Capitelli's council colleague Dona Spring has been a strong supporter
of the tree-sit, and has led a thus-far-unsuccessful effort to enlist
the backing of the council and City Manager Phil Kamlarz.
Spring said she was also concerned that the university had extended
their barriers to the city-owned median strip on Piedmont Avenue.
"The university has been acting illegally," she said, "and I applaud
these people (the tree-sitters and their allies) for their continued
civil disobedience. We want to stop this corporate giant from
crushing our community and poisoning the air we breathe"
Meanwhile, Mogulof was stressing his own talking point while
discussing the grove, which he repeatedly labeled "a 1923 landscaping
project" during Sunday's short press briefing.
Tree-sit supporters have portrayed the grove as both a memorial to
fallen soldiers from World War I and a Native American burial ground.
While he spoke to print reporters seated at the foot of an isolated
oak between Maxwell Family Field and the Kleeberger Parking Lot,
Mogulof insisted on moving to a new spot before the TV cameras rolled.
"I don't want to leave the impression I'm speaking from the grove," he said.
Tree-sit supporters, conversely, held their own press briefing at the
trunk of a tree, albeit across Piedmont Avenue on the lawn of the
Haas School of Business.
Mogulof said that nothing in last week's court decision by Alameda
County Superior Court Judge Barbara J. Miller would block the
university's decision to build at the site of the grove.
The university plans to build a four-story high tech gym and office
complex along the stadium's western wall, and the lawsuitfiled by
Spring, the city, a neighborhood group and
environmentalistschallenged the university's approval process for
the project.
Mogulof said the university would file papers with the court that
answered issues raised by the judge in last Wednesday's decision, and
that it was hoped that construction would begin soon afterwards.
Supporters
Also on hand to speak at the press conference held during Sunday's
rally were former Mayor Shirley Dean, Free Speech Movement veteran
Neal Blumenfeld, two Native American activists, two medical experts
and Oakland attorney Carol Strickman, who is representing the tree-sitters.
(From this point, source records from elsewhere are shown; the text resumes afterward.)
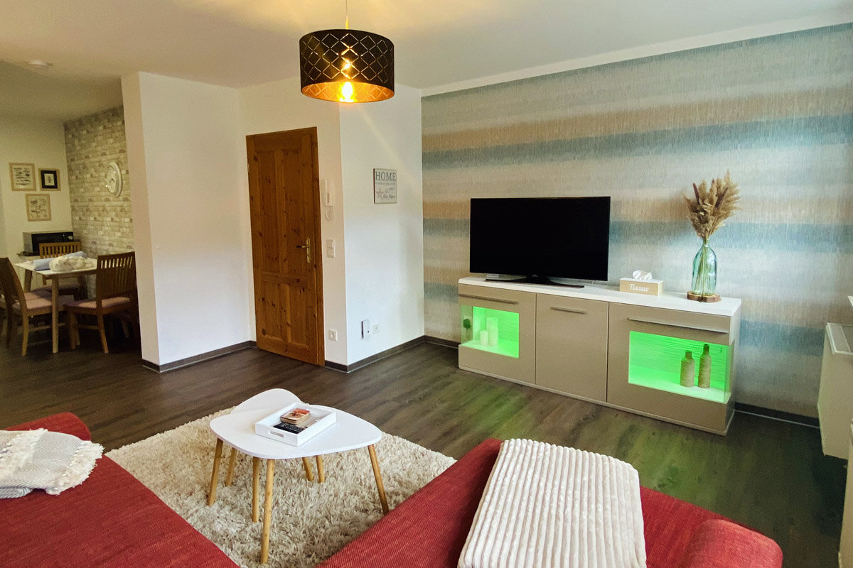 Die 70 m² Wohnung ist mit allem ausgestattet, was Sie für einen erholsamen Aufenthalt im südlichen Thüringer Wald benötigen.
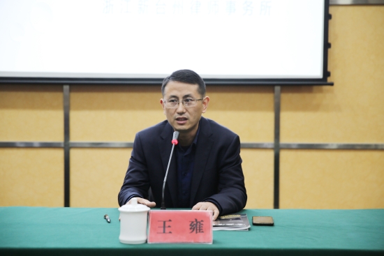 圖為王雍主持培訓(xùn)會(huì) 本次培訓(xùn)會(huì)邀請(qǐng)了浙江新臺(tái)州律師事務(wù)所律師程龍為大家授課。程龍結(jié)合實(shí)際案例對(duì)最新的九民紀(jì)要進(jìn)行解讀,并講解了有關(guān)集團(tuán)提供擔(dān)保、股東代表訴訟、表決權(quán)能否受限、借款合同等相關(guān)法律知識(shí),還對(duì)可能存在的的風(fēng)險(xiǎn),及可能引發(fā)的民事責(zé)任、行政責(zé)任和刑事責(zé)任等進(jìn)行相應(yīng)的介紹。
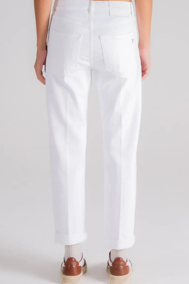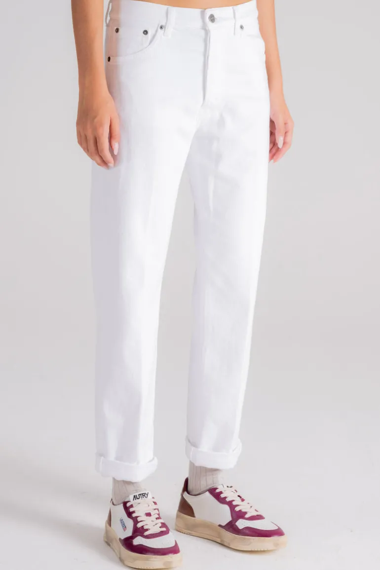 Per un look casual-chic, abbinale a un pullover leggero e un paio di sneakers minimal. Per una serata formale, potresti considerare l’abbinamento con una blusa fluttuante e stiletti affilati. Indipendentemente dal tuo stile, i jeans Dondup Icon bianchi si integrano senza problemi in ogni armadio.
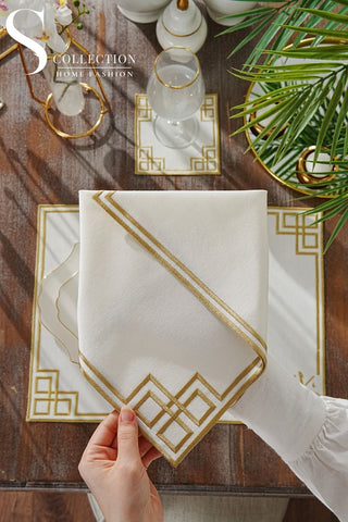 Welcome Elegance Gold Design Placemat Set - Waterproof Fabric - 6 Persons - 24 Pcs. Full Set
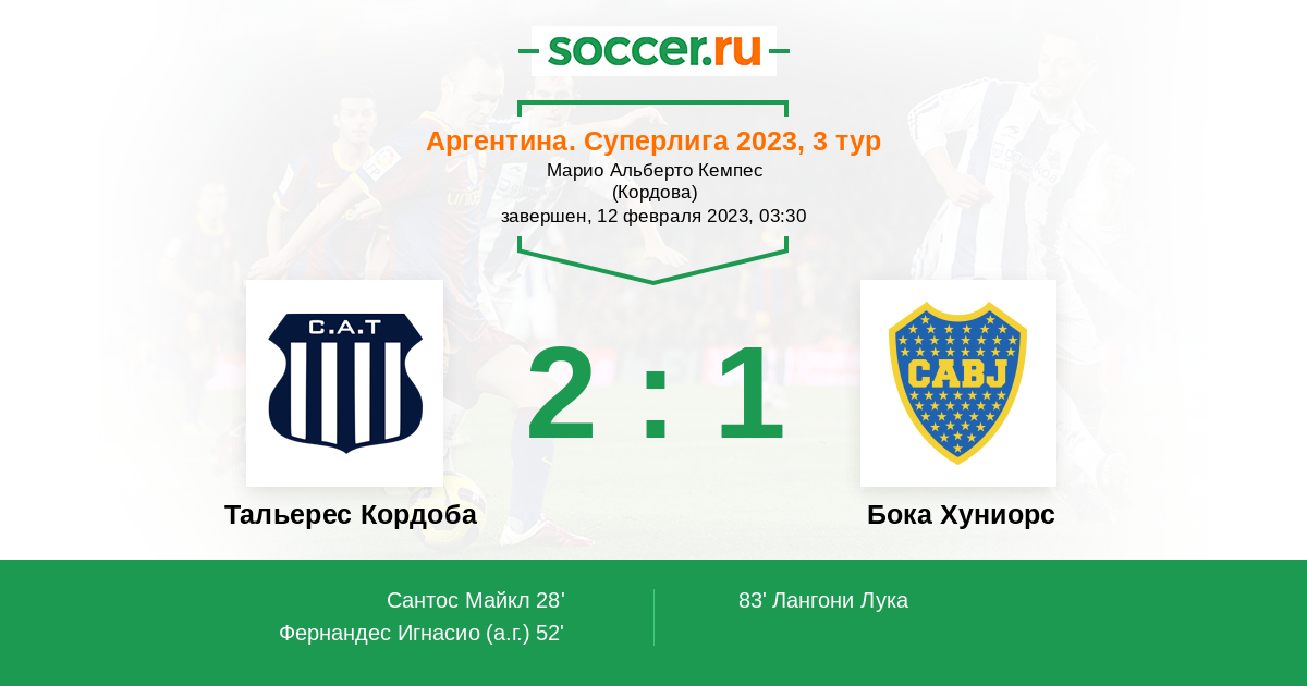 Протокол матча Тальерес Кордоба против Бока Хуниорс
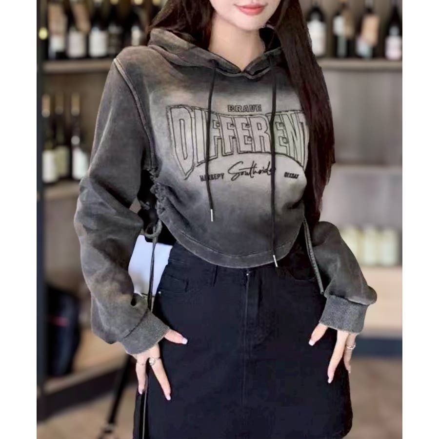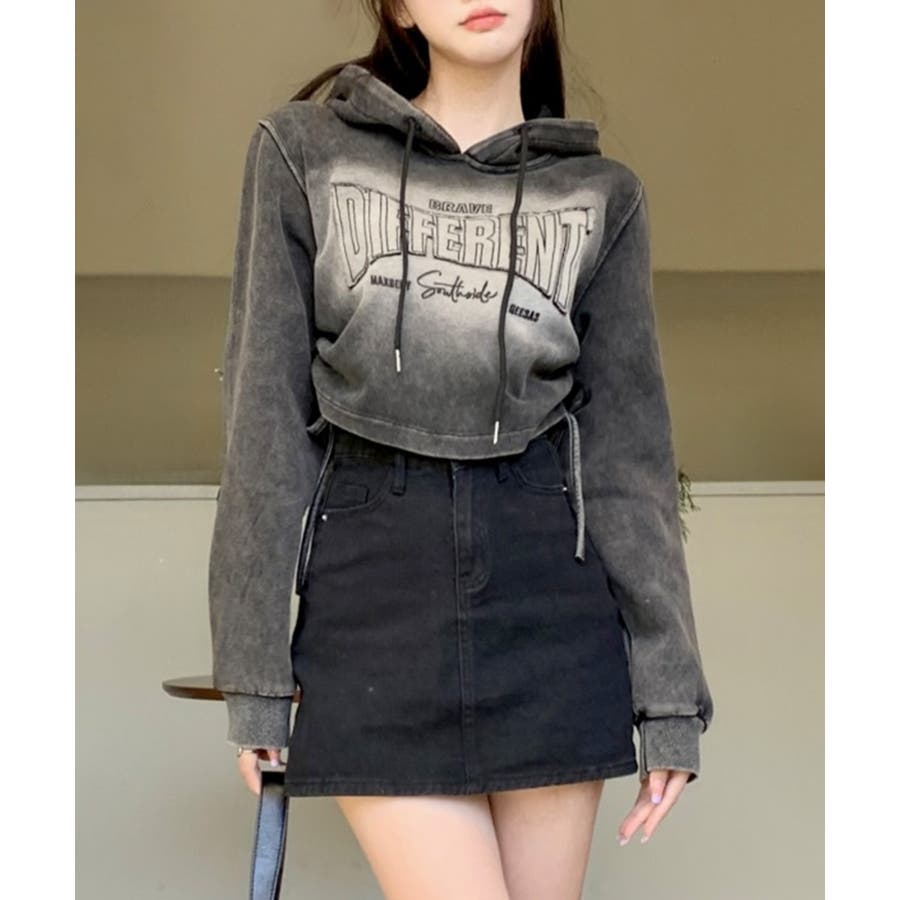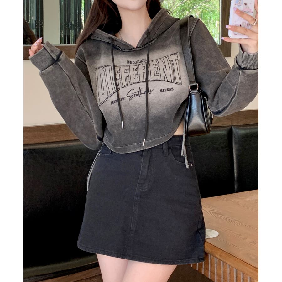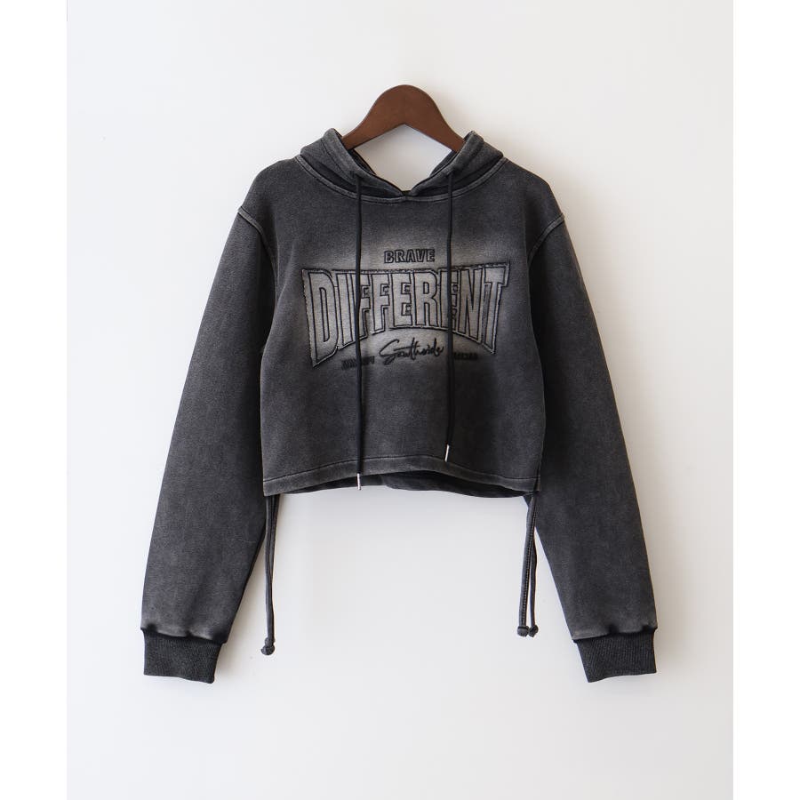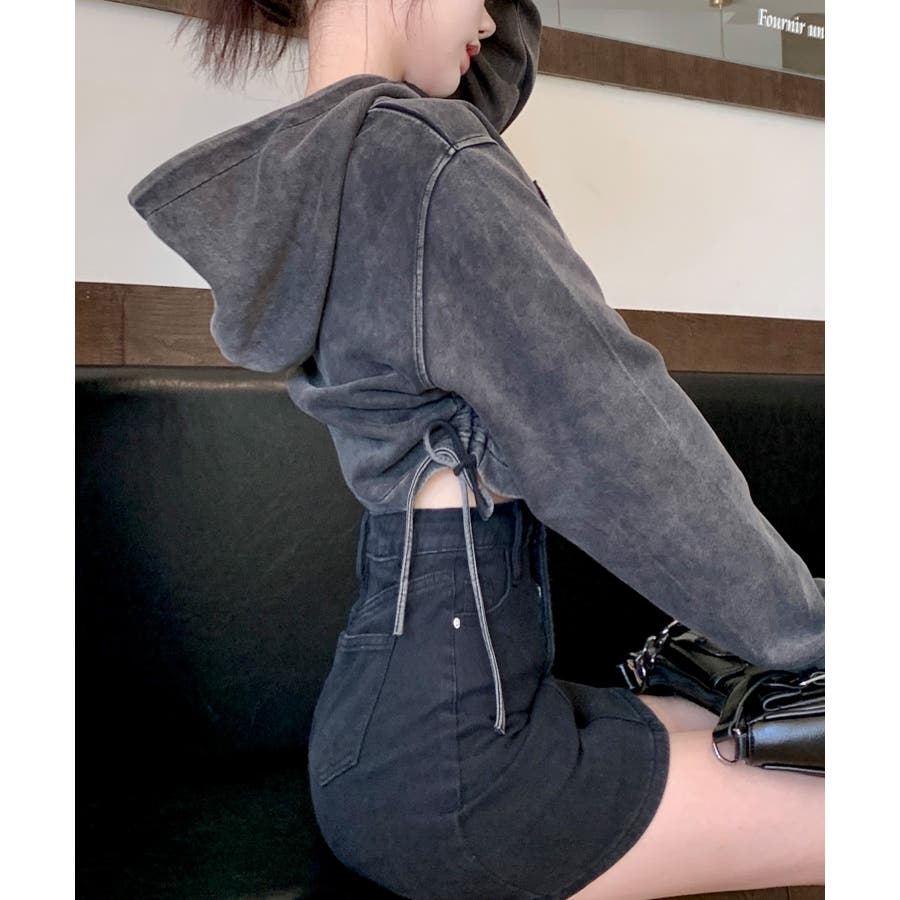 カジュアルなパーカーも、短め丈と立体的なフードがすっきりとした印象に導きます。ワイドパンツやボリュームスカートと合わせても、バランス良く決まります。
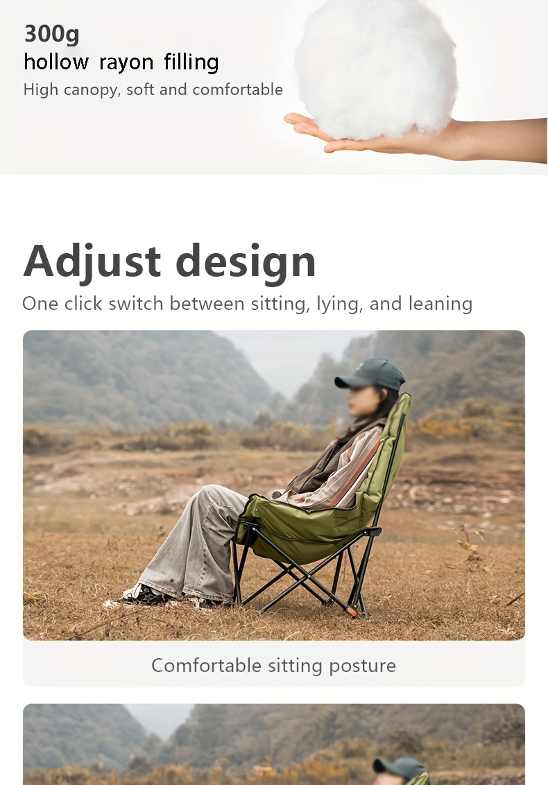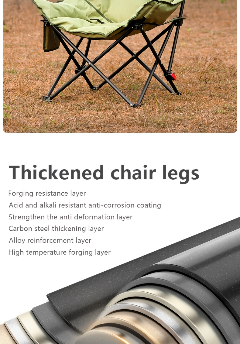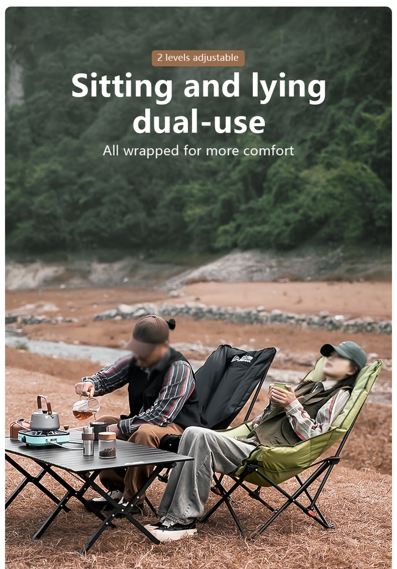 Its foldable, portable design makes it suitable for camping holidays, backyard relaxation, and balcony lounging. Durable Oxford cloth and a strong iron alloy frame ensure long-term performance, making this chair a dependable choice for outdoor comfort.
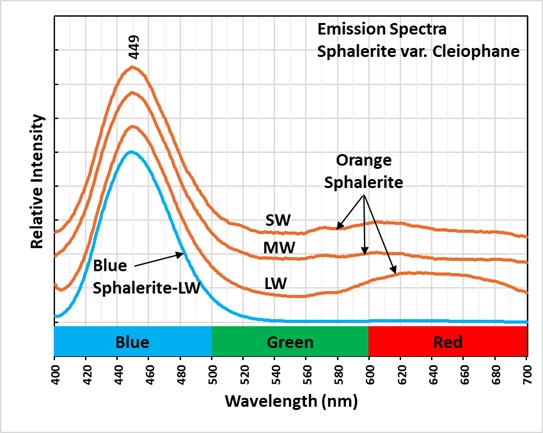 Manganese replacing zinc in the activates the orange fluorescence. It takes less energy to create this manganese activated fluorescence, so the light emitted is at a longer wavelength. Emission spectra of this orange fluorescence is a broad peak with maxima around 600 nm to 640 nm. The 449 nm peak is still present in the emission of the orange, fluorescent sphalerite.
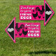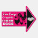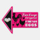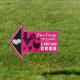 Farm fresh eggs farm stand, or farmer's market sign. Arrow shaped, double-sided, bright red-pink sign, with bold white text. Rooster and chickens silhouettes in black and arrow with eggs image. Customize the various fonts line by line with your advertising message. Sample wording is, "Free range, organic, fresh, eggs". Pay a little extra and get the wire stand with the sign.
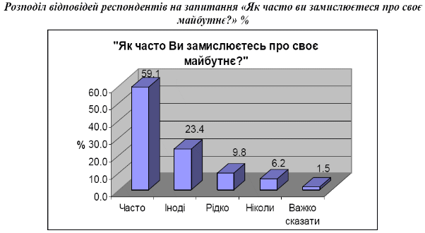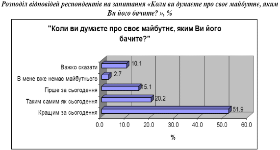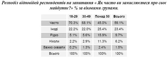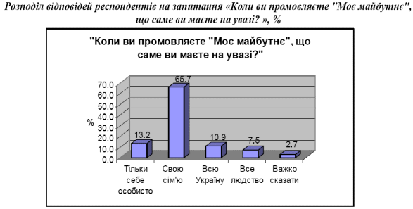 Населення України багато думає про власне майбутнє, при цьому найчастіше не відділяючи його від майбутнього власної сім’ї. Тобто проблематика майбутнього є актуалізованою серед населення.
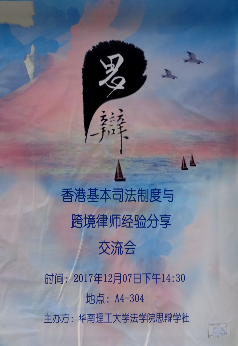 | 法学院思辩学社 香港基本司法制度与跨境律师经验分享交流会 12.07下午14:30 A4-304 | ||||||
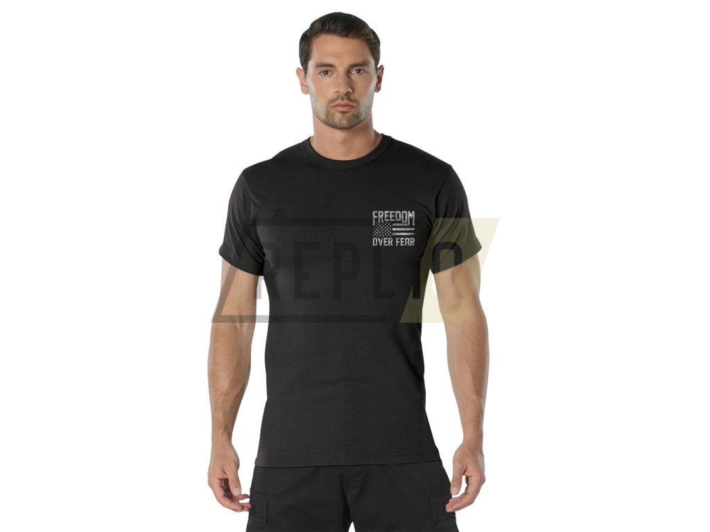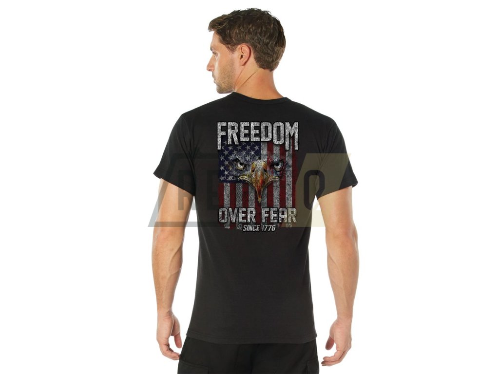 Pohodlné tričko vyrobené z na omak velmi příjemného a prodyšného bavlněného materiálu. Konstrukce trika disponuje zesílenými švy. V přední části trika naleznete nápis FREEDOM OVER FEAR (svoboda nad strachem), zadní části "vévodí" americká vlajka s kombinací hlavy orla.

Asked to describe the difference between the Free Speech Movement
(FSM) activism of the early 1960s and the new millennium's protest at
the grove, Blumenfeld said "the major difference is in the movement,"
which had a broad base of support in four decades ago.
"The university's behavior," he said, "is exactly the same."
In addition to their larger numbers, said Blumenfeld, a psychiatrist,
FSM members carried out extensive research on university funding and
the revenues of Lawrence Berkeley National Laboratory, which he
called "the huge industrial park on the hill."
Dean said she had come to address three points. First, the fact that
Judge's Miller's restraining order barring university construction
activites at the grove remains in place; second, the charge that the
university's behavior was "absolutely unacceptable" when they denied
supporters the opportunity to furnish the tree-sitters with new
supplies and, finally, to urge both sides to reach a compromise in
which both sides gave up something to reach a livable accommodation.
Among those watching the day's events was Barbara Gilbert, who said
that it wasn't the fate of three trees that worried her as much as
"the university's takeover of our Southside" and the "$25 million to
$30 million a year demands it makes on city services."